Dataset:
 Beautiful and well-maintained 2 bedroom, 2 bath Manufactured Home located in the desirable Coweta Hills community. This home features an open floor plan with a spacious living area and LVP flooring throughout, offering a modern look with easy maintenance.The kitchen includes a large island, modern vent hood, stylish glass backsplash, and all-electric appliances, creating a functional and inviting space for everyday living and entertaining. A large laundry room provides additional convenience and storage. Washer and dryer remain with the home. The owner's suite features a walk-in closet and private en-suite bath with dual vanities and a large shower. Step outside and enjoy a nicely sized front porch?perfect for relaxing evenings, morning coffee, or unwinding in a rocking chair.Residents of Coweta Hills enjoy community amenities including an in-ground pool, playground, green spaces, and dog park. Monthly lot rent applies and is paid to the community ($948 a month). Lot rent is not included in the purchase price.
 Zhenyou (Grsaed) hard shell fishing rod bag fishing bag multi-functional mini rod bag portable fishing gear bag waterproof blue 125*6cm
--
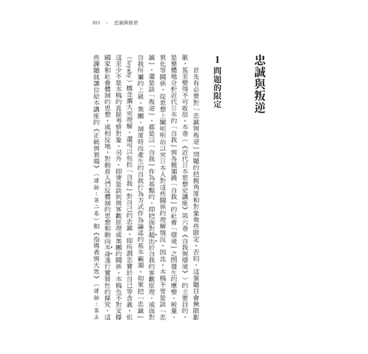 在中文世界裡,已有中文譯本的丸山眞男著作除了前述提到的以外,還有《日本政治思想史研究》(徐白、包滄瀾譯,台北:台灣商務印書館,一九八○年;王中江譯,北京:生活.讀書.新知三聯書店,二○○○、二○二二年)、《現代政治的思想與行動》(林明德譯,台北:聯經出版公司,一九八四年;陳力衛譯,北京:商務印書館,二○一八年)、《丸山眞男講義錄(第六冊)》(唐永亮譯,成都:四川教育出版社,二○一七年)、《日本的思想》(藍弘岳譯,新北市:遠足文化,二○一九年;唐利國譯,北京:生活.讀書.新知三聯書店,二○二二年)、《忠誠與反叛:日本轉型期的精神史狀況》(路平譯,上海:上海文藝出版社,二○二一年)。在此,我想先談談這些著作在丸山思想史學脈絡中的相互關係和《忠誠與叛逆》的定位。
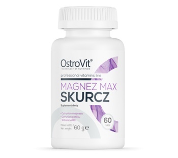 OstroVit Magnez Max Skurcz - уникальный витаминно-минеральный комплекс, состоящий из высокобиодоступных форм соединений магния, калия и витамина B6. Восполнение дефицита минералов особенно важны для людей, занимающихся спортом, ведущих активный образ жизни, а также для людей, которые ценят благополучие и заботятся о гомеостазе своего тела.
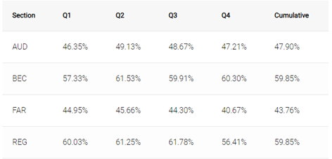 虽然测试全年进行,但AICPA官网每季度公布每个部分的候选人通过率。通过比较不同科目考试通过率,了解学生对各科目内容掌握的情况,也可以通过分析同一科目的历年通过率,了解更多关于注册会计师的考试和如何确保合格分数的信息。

Task details:
Above are the records; copy from them only the lines starting at the one containing "OstroVit Magnez Max" and ending at the one containing "虽然测试全年进行,但AICP", exactly and without pictures.

Answer space:
 OstroVit Magnez Max Skurcz - уникальный витаминно-минеральный комплекс, состоящий из высокобиодоступных форм соединений магния, калия и витамина B6. Восполнение дефицита минералов особенно важны для людей, занимающихся спортом, ведущих активный образ жизни, а также для людей, которые ценят благополучие и заботятся о гомеостазе своего тела.
 虽然测试全年进行,但AICPA官网每季度公布每个部分的候选人通过率。通过比较不同科目考试通过率,了解学生对各科目内容掌握的情况,也可以通过分析同一科目的历年通过率,了解更多关于注册会计师的考试和如何确保合格分数的信息。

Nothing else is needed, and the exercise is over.